A construção da 1ª Conferência Livre Popular dos Movimentos Culturais da Cidade de São Paulo. Por Professor Betinho

Ocorreu nos dias 21, 22 e 23 de maio de 2021, de forma virtual por conta da pandemia, a 1ª Conferência Livre Popular dos Movimentos Culturais da Cidade de São Paulo com a finalidade de construir novos caminhos para a produção cultural no município a partir do Plano Municipal de Cultura.

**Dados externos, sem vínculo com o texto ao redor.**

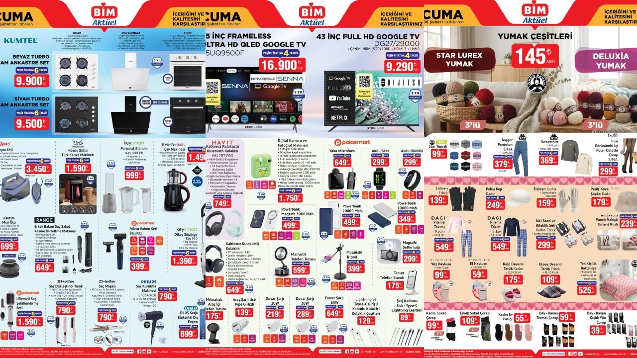 BİM, 6 Şubat 2026 Cuma günü satışa sunulacak aktüel ürünler kataloğunu duyurdu. İzmir’deki şubeler dahil olmak üzere tüm mağazalarda sınırlı sayıda uygun fiyatlı birçok teknolojik ürün raflarda yer alacak. Özellikle cuma günü BİM raflarında yer alacak uygun fiyatlı yaka mikrofonu şimdiden öne çıkıyor. İşte güncel BİM kataloğu..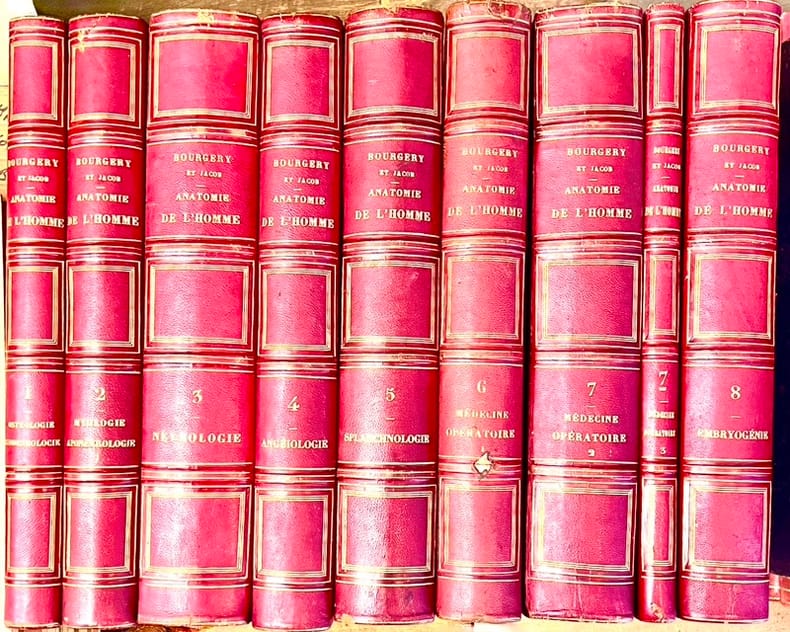 Monumental ouvrage du chirurgien et anatomiste Jean-Marc Bougery, publié sous la direction de Claude Bernard, illustré de 750 planches lithographiées, la plupart en couleurs. Deuxième édition augmentée du plus important et du plus beau traité d'anatomie du XIXe siècle, paru pour la première fois de 1832 à 1854. Divisé en quatre parties (l'anatomie descriptive, chirurgicale, générale et philosophique), il comporte les volumes suivants: ostéologie et syndesmologie (t.1); myologie et aponévrologie (t.2); névrologie (t.3); angéiologie (t.4); splanchnologie (t.5); médecine opératoire (t.6, t.7 et Supplément); embryologie (t.8). La partie consacrée à la médecine opératoire, ajoutée dans cette deuxième édition, a été rédigée sous le contrôle de Claude Bernard. Cette nouvelle édition enrichie de planches supplémentaires ne comprend pas de frontispice.Bourgery (1797-1849) consacra sa vie à cet ouvrage, pour lequel il s'associa au dessinateur et lithographe, Nicolas-Henri Jacob (1782-1871), élève de David. Cuvier, à qui l'auteur avait confié son projet dès 1830, trouva ce traité très réussi, notamment grâce à la lithographie dont l'emploi devint dès lors incontournable en anatomie. Bon exemplaire en dépit de quelques défauts d'usage à la reliure (petits accidents et frottements, petit manque de cuir au dos du tome 6), quelques rousseurs et traces de mouillure.Waller, 1372.

Foi organizada pelo Coletivo Movimentos Culturais da Cidade de São Paulo (MCCSP), que foi criado no ano de 2018 e é atualmente composto por dezenas de movimentos, fóruns, entidades e coletivos que, desde 2015, estão na luta por “soluções de interesse do setor cultural e pela efetivação das políticas culturais na cidade, mais acessíveis, democráticas e por um orçamento da Cultura que fomente a gigantesca diversidade da produção cultural do município”, como indica material de divulgação do evento.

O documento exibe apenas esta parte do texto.